How does your organisation manage its inventory investment without an effective inventory management policy?
Inventory Management Policy
An inventory management policy is a standard set of guidelines with boundaries that provides the framework for an organisation to make informed make or buy inventory investment decisions. An Inventory management policy relies on an understanding of your supply chain's capability to support customer demand. ERP systems store critical planning parameters such as lead-time, safety stock, MOQ and should be changed regularly to support demand and supply variability. By measuring the variability businesses will be able to implement the right planning parameter settings to control inventory investment.
Inventory management policies
Several stocking policies can be implemented to improve stock management performance, these being:
- Reorder point: A fixed replenishment point or quantity is used to trigger a new order when the stock falls below a certain point.
Min/Max: As inventory falls to a min level, a new order is triggered that does not exceed the maximum inventory level.
Lot for Lot: Demand flow generates a new replenishment order for the same qty at the time when the previous order arrives.
Days of supply: This method relies on average daily sales using historical demand to calculate an order qty for a number of days supply.
Item location: A multi echelon optimisation approach to manage against demand variability across the entire supply chain.
Implementing an inventory management policy
A knowledge of the entire supply chain is the minimum requirement in establishing the right inventory policy. Break down your supply chain into segments and analyse the capability of each function to understand the working parts of the inventory system, how information is captured, processed and released in a timely manner.
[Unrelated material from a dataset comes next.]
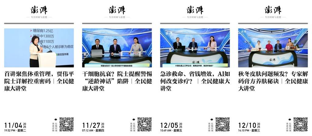 线上传播构建起广泛覆盖的立体网络。澎湃新闻首页设立入口(),平台内两大核心板块协同发力:“直播”板块提前3-7天为每期节目置顶预告,同步联动健康频道发布深度解读文章、主题海报及核心要点梳理,形成“预告-直播-回放-短视频传播-图文解读”的完整内容闭环;“咨询”板块则为公众提供全时段健康问答服务——直播开播前,用户可提前提交健康疑问,由专家在直播中针对性回应。日常有健康困惑时,用户也可随时登录并在“咨询”板块提问,问题覆盖常见病防治、日常保健、康复指导等多个核心领域,均由专家团队驻场给出专业解答,有效延伸服务链条、增强互动性与实用性。
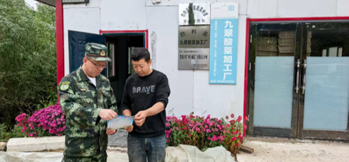 深入施業(yè)區(qū)內(nèi)九翠酸菜加工廠等企業(yè),開展森林防火安全專項(xiàng)指導(dǎo)。通過現(xiàn)場(chǎng)培訓(xùn)、發(fā)放宣傳資料等方式,講解野外作業(yè)防火規(guī)范與應(yīng)急處置流程,督促企業(yè)完善防火預(yù)案、配備滅火器材,定期開展隱患排查,杜絕作業(yè)期間火災(zāi)風(fēng)險(xiǎn)。

Ask yourself "do we Make to Order", "Make to Stock" or is it a combination of the two. Then start to become more familiar with the following:
Inventory classification
Segment inventory by units and dollars into fast, medium and slow moving. This provides and awareness of which items are contributing both cost, sales and effort to the business. This is also known as ABC classification or the 80/20 rule and is of value when inventory is in categories and reviewed regularly.
Stock Type
It's the physical inventory that is purchased, manufactured or stored within a stocking point. There are usually four types of stock: Raw materials which are used as primary or secondary ingredients within an assembly of a semi-finished or finished good; Work in process which is that part of inventory being converted to a final state as a component, semi-finished or finished good; Finished goods which are purchased, assembled or manufactured to a final state and finally MRO spare parts that are used to support any final state machinery or equipment.
Service level
Determine current service level by order and sku and review the inventory investment to support these service level targets. Extensive analysis needs to be undertaken to understand how much inventory is required to support a certain service level. Changing the service level target will have an immediate impact on warehouse space and resource effectiveness.
Safety stock levels
Review demand variability between forecasts and actual sales to establish the correct safety stock level by SKU. A blanket policy on safety stock is not the most effective approach as it contributes to increased inventory levels at the cost of high levels of maintenance.
Number of stocking points
Important to understand what locations across your supply chain hold stock in units and value. Within facilities, inventory can be managed within physical zones to assist in identification and kanban reordering to avoid systems interaction.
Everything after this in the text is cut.